Playwright Suhayla El-Bushra tells us how Edinburgh’s Royal Lyceum became a Baghdad bazaar
Treasured tales from The Arabian Nights add sparkle to winter festivities in Scotland
Edinburgh does a picture-postcard Christmas as well as any northern European city, and no trip to the Scottish capital in December is complete without a visit to the famous Royal Lyceum Theatre for its festive show. This stunning Victorian venue has in the past fallen down the rabbit hole for Lewis Carroll’s Alice In Wonderland, got ghostly with Charles Dickens’s A Christmas Carol and whizzpopped to Roald Dahl’s The BFG. This year, however, family audiences will be taken on a trip far less travelled – to a magical market square in Baghdad.
“And it looks absolutely beautiful,” beams British-Sudanese playwright Suhayla El-Bushra as she puts the finishing touches to her new adaptation of The Arabian Nights, the world premiere of which takes place this week.
“I remember these incredibly varied stories as a child growing up in Sudan, so I was really excited to be asked to put them together as a family show – especially as they celebrate a diverse, cosmopolitan Baghdad. It’s a view of Arabic culture maybe people don’t see so much in the UK.”
Admittedly, most cities in the UK are probably used to pantomimes loosely drawing on the tales of Ali Baba and his 40 thieves, Sinbad or Aladdin. But few celebrate the rich poetry or heady atmosphere of the 1,001 Nights compendium from which they are taken. Indeed, director Joe Douglas says that it was a production of Arabian Nights that made him want to work in theatre in the first place – “it was just magical, the idea of all these tales tumbling out of each other” – and the scene was set for a show packed with vibrant new music, bringing together heroes and villains, genies and chess-playing monkeys in a unique, modern take on 1,001 Nights.
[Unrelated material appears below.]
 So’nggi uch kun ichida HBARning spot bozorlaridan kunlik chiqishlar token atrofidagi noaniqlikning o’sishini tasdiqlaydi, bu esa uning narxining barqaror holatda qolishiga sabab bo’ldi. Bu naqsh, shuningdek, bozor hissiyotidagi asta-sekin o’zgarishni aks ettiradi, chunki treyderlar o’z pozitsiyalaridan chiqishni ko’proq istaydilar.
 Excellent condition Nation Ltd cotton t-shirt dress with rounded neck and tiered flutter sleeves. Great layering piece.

Unique because El-Bushra felt the original framing device – the Sultan kills his wives before they can be unfaithful to him, until Scheherazade staves off imminent doom by telling him stories without an end – was “problematic”. So instead, the action begins with Scheherazade’s mother imprisoned for illegally selling stories at the Baghdad market – along with the rest of the bazaar’s community. So Scheherazade must go and tell stories to the Sultan to get her family and friends back.
As the Royal Lyceum puts it: “It might just be Scheherazade’s imagination that saves the day... if only she can catch the Sultan in her web of stories”
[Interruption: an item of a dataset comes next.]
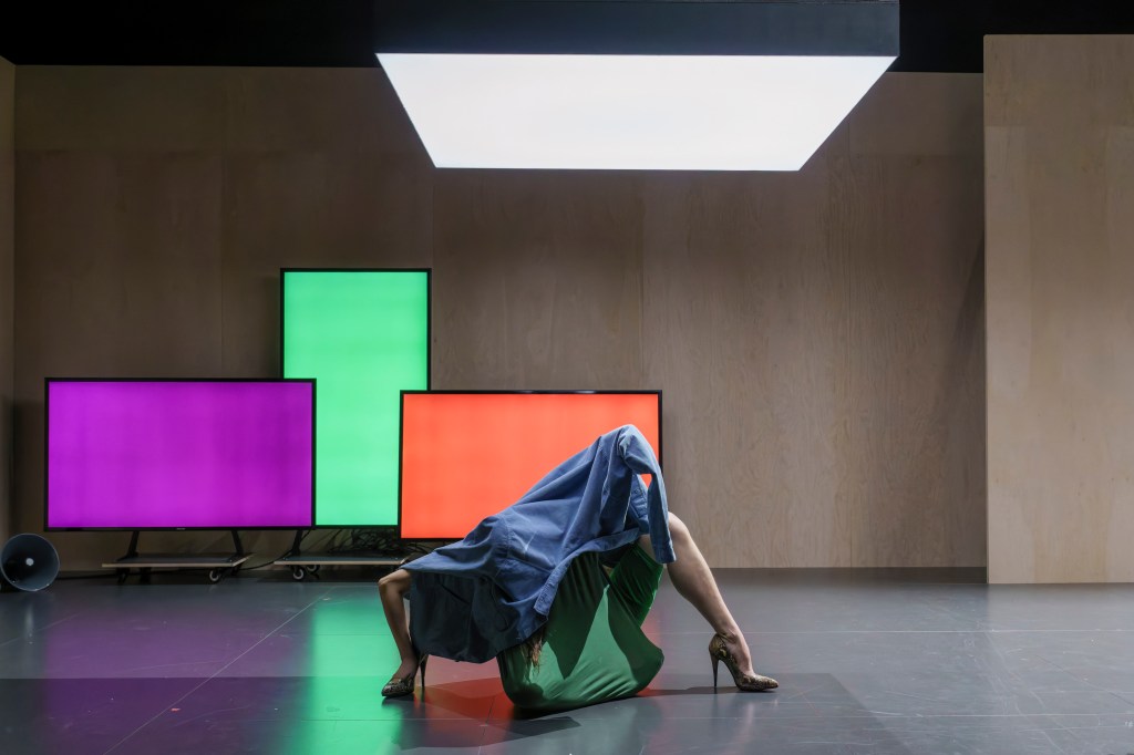Ich hab mich nach der Pause wieder an meinen Platz gesetzt. Dies in der Hoffnung, dass ich und alle anderen im Zuschauerraum der Kleinen Bühne nach einer langen halben Stunde mit Hampeln, Fallen, Kriechen, Verrenken, Krächzen (und auch mal singen) mit einem zweiten Teil belohnt wird, der mehr ist als ein Aneinanderreihen von zusammenhangslosen Bühnenmomenten. Musikalisch begleitet wird das Ganze von Musikstücken, die zwischen Streicher-Adagio, Smooth und Free Jazz sowie New Wave mäandrieren, während auf drei Bildschirmen unter anderem Szenen aus der Seitenbühne eingespielt werden bis auf einem der Screens gross der Schriftzug „Pause“ zu lesen ist.
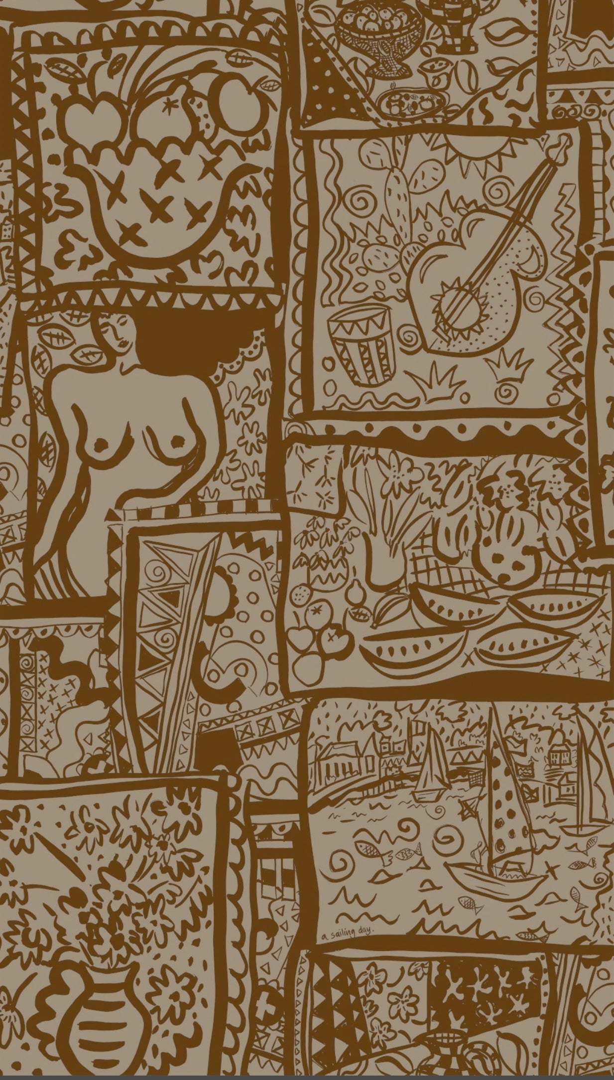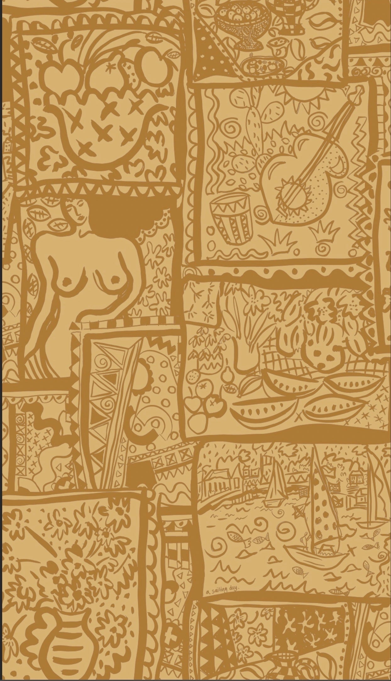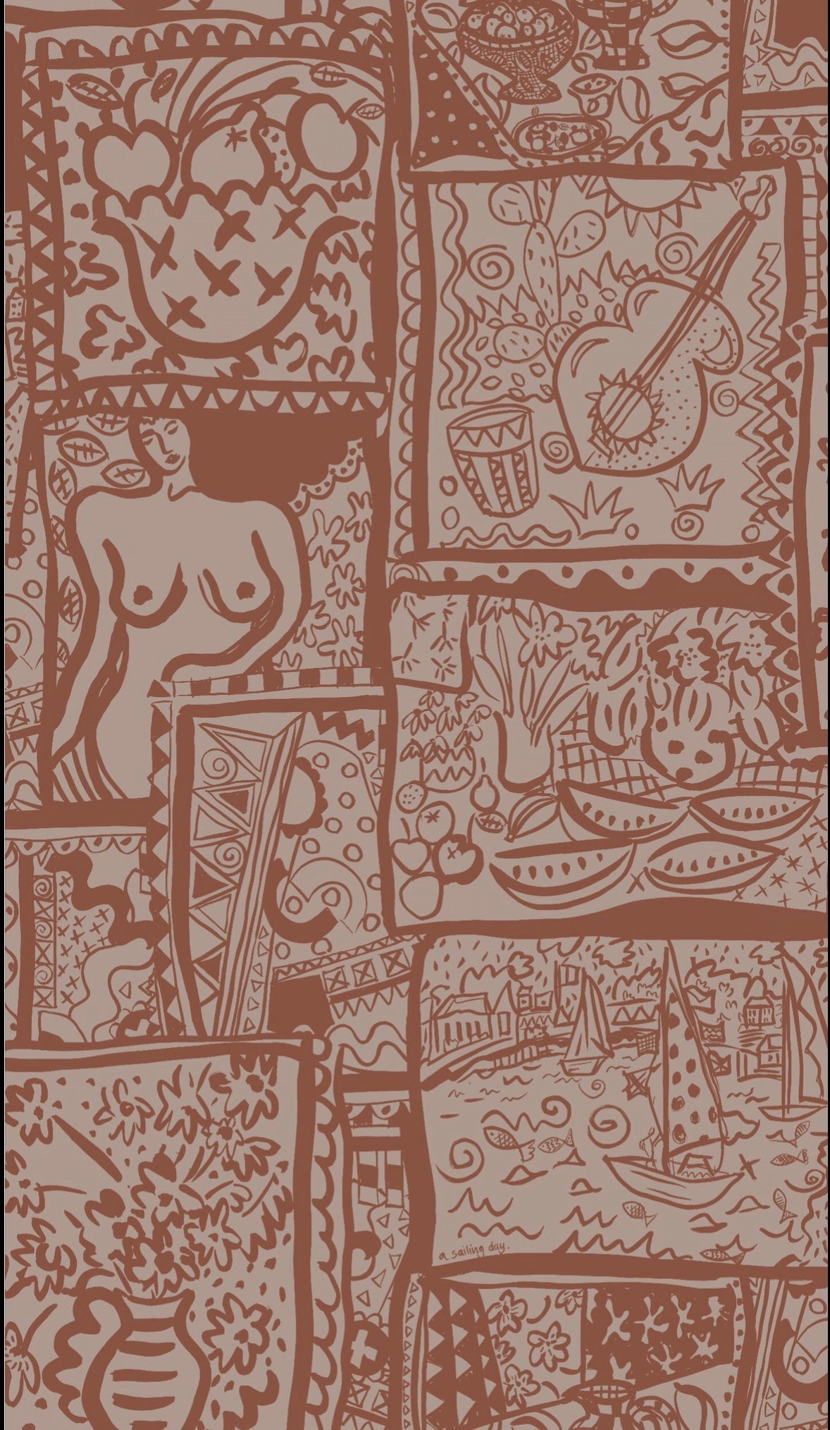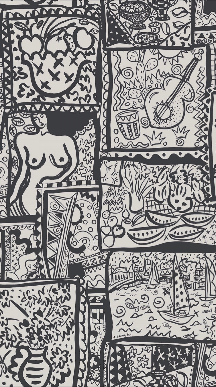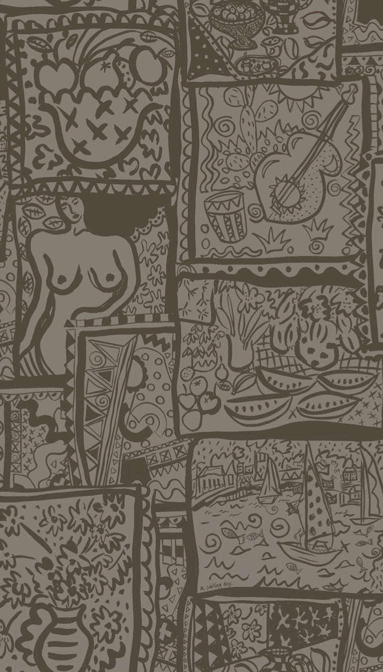 WISH YOU WERE HERE WALLPAPER,  A design inspired by holiday snaps and memories of good times on vacation. Postcards, of sailing boats, silhouettes of lounging sunbathing figures and holiday excursions. Designed in our studio, the wallpaper is based on a series of screen prints from our new collection.

El-Bushra says: “The play is about the power of stories and how they help us to learn about other people. Everybody has a story worth listening to. Actually, this version has got quite a strong pro-immigration message – which I felt was really necessary in 2017.”
And, if that sounds like it would infuriate 1,001 Nights purists, nothing could be further from the truth. After all, these stories have always been shaped to suit their times, and they are probably as Indian as they are Persian, as European as they are Arabic.
“I’ve kept some stories the same; I’ve adapted some to suit our audience and today’s ideas; and some I’ve just made up completely from scratch,” says El-Bushra.
“The nature of The 1,001 Nights has always been that they keep being added to, rotated and changed, so I felt perfectly comfortable doing that. We needed to have the ‘greatest hits’ of course, but there are some lesser known stories in there too.”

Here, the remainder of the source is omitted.